Provided records >>

::::::

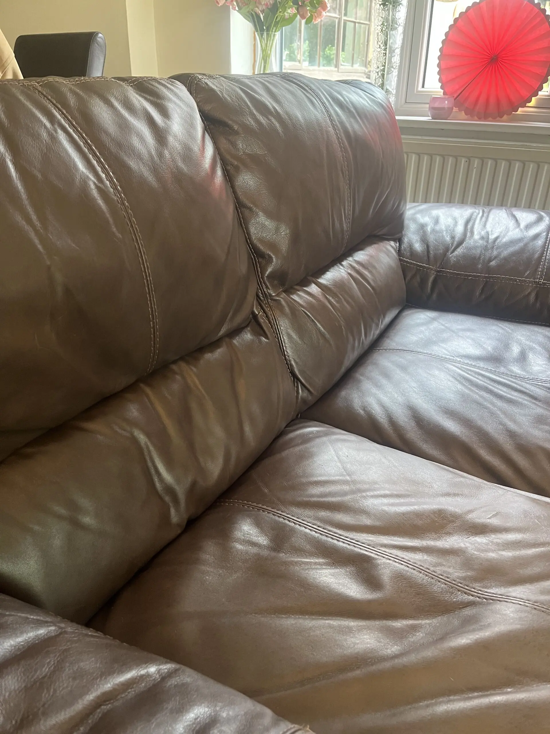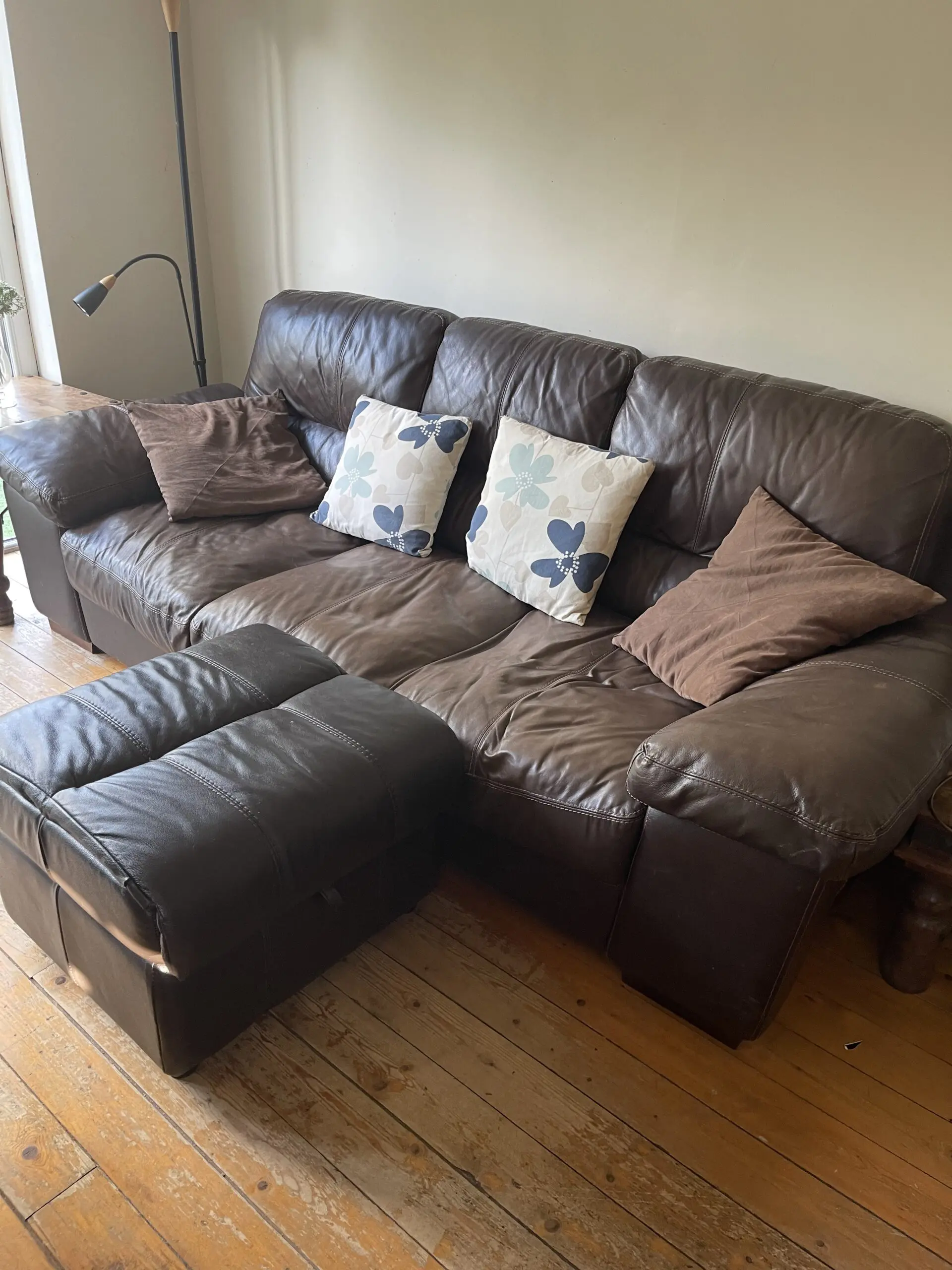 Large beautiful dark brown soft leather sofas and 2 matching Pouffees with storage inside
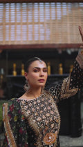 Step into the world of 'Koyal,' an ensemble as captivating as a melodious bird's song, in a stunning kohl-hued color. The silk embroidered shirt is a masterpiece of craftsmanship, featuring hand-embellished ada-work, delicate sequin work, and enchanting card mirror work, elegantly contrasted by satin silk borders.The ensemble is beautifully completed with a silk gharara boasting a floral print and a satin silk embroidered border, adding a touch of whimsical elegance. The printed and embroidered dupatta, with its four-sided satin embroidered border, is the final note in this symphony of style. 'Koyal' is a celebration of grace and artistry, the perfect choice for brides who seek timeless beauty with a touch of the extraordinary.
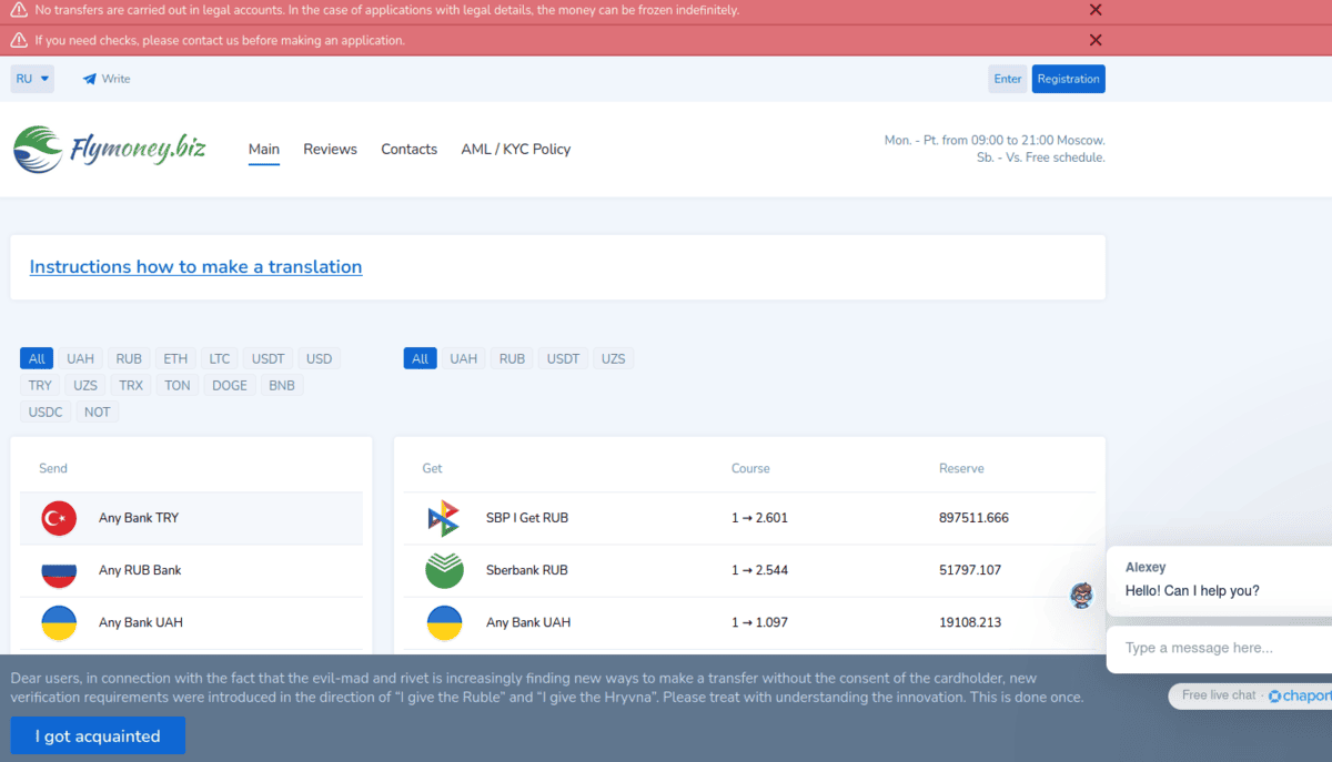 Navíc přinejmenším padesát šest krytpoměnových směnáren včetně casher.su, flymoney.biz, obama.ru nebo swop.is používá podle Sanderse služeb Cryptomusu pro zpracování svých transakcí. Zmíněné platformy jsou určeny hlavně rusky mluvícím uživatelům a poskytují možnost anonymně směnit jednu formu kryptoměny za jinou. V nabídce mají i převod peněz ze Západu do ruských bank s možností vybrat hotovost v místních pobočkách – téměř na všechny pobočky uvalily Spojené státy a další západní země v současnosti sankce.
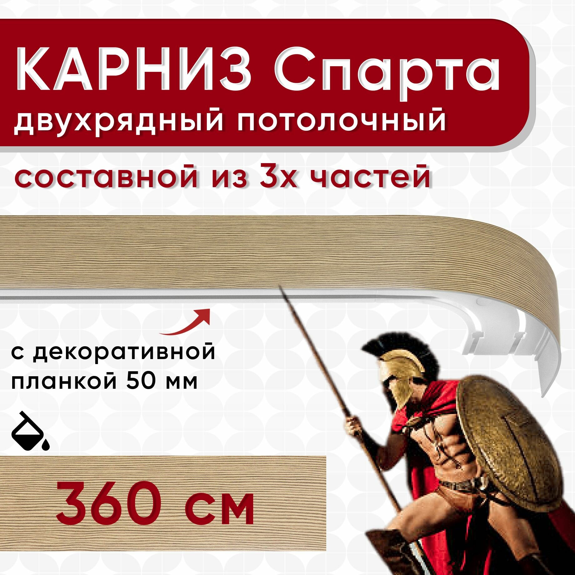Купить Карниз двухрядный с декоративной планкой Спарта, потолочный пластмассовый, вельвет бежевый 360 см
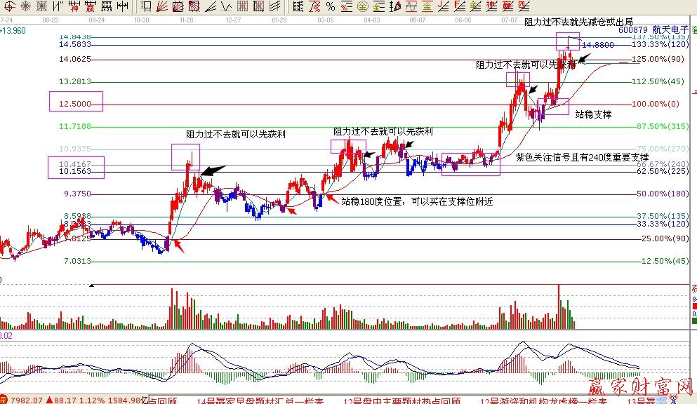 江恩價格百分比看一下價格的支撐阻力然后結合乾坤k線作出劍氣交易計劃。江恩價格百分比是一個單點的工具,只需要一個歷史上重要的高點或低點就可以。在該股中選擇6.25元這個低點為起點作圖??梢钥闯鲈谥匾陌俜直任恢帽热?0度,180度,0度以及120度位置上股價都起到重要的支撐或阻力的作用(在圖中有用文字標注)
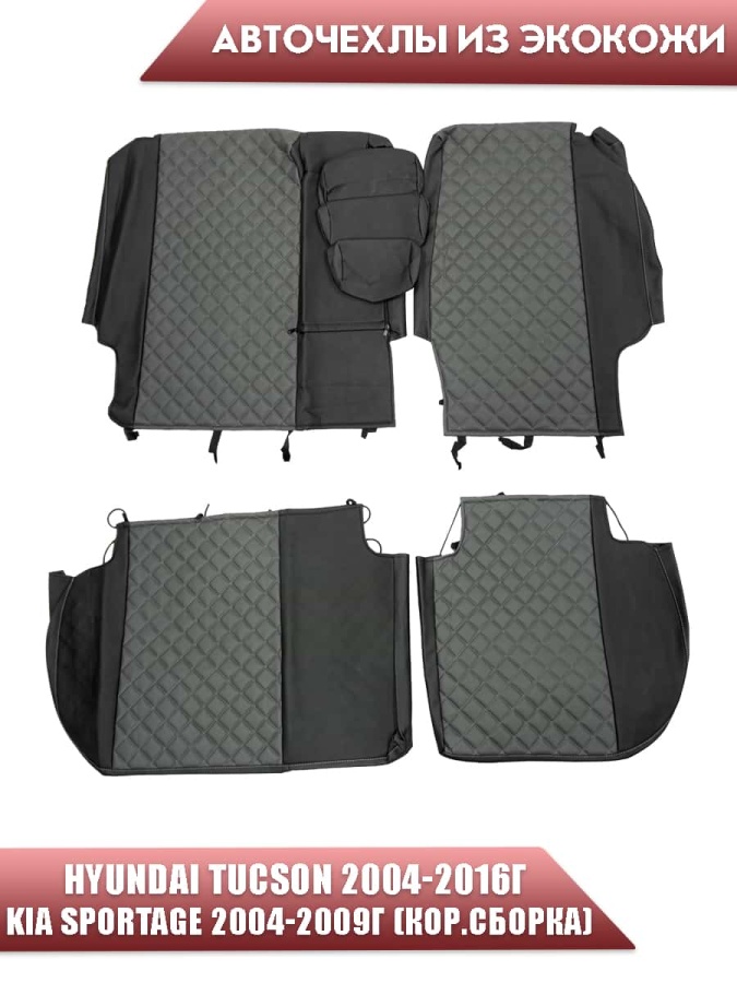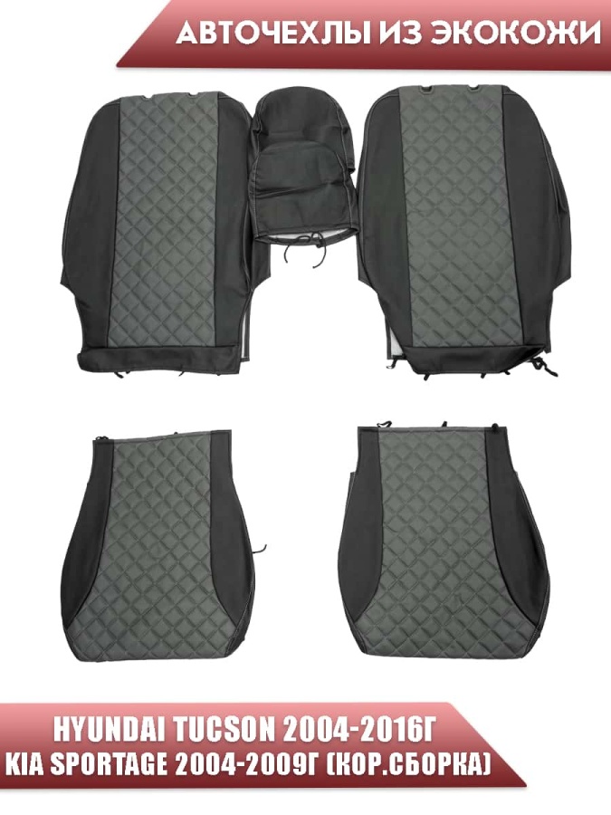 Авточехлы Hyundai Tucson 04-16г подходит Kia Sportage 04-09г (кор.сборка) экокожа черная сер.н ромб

::::::

Your assignment >> Return verbatim every line from the line containing "江恩價格百分比看一下價格的支" to the last line of the entries above, inclusive, and leave out the pictures.

Task solution >>
 江恩價格百分比看一下價格的支撐阻力然后結合乾坤k線作出劍氣交易計劃。江恩價格百分比是一個單點的工具,只需要一個歷史上重要的高點或低點就可以。在該股中選擇6.25元這個低點為起點作圖??梢钥闯鲈谥匾陌俜直任恢帽热?0度,180度,0度以及120度位置上股價都起到重要的支撐或阻力的作用(在圖中有用文字標注)
 Авточехлы Hyundai Tucson 04-16г подходит Kia Sportage 04-09г (кор.сборка) экокожа черная сер.н ромб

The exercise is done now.